Extract YouTube Data
The functions in this section are designed to extract the transcript of any YouTube videoalong with their timestamps if needed. You can benefit from these capabilities to build powerful APIs / tools / applications.
YouTube Video Transcript
The get_youtube_transcript(video_url)
function also takes only the video_url
, and it returns the transcript of the YouTube video, formatting it into a simple readable string.
Example Usage
from SimplerLLM.tools.youtube import get_youtube_transcript
video_transcript = get_youtube_transcript("https://www.youtube.com/watch?v=r9PjzmUmk1w")
print(video_transcript)
YouTube Video Transcript With Timing
The get_youtube_transcript_with_timing(video_url)
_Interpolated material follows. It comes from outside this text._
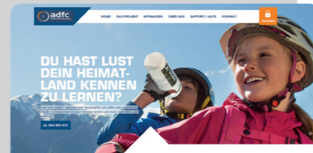
Willkommen bei Stadt-Land-Rad einem Projekt des ADFC

Stand & End Heidelberg Central Station Transfer Bus shuttle to Sinsheim

function also takes only the video_url
, and retrieves the transcript of a YouTube video, including timing information for each line. It returns a list of dictionaries, where each dictionary refers to a part of the transcript and it contains the following:
text
: The transcript text of a specific segment of the video.start
: The start time of the segment in seconds.duration
: The duration of the segment in seconds.
Example Usage
from SimplerLLM.tools.youtube import get_youtube_transcript_with_timing
video_transcript = get_youtube_transcript_with_timing("https://www.youtube.com/watch?v=r9PjzmUmk1w")
print(video_transcript)
Here's the output format of a small section:
[{'text': 'hi friends in this video I will show you', 'start': 0.12, 'duration': 6.08}, {'text': 'how to turn any WordPress website into a', 'start': 2.639, 'duration': 7.481}, {'text': 'full SAS business using only three', 'start': 6.2, 'duration': 7.639}, {'text': 'plugins this is exactly what I did on my', 'start': 10.12, 'duration': 6.56}, {'text': 'website you will see here I have a list', 'start': 13.839, 'duration': 5.401}]
That's how you can benefit from SimplerLLM to make extracting YouTube data Simpler!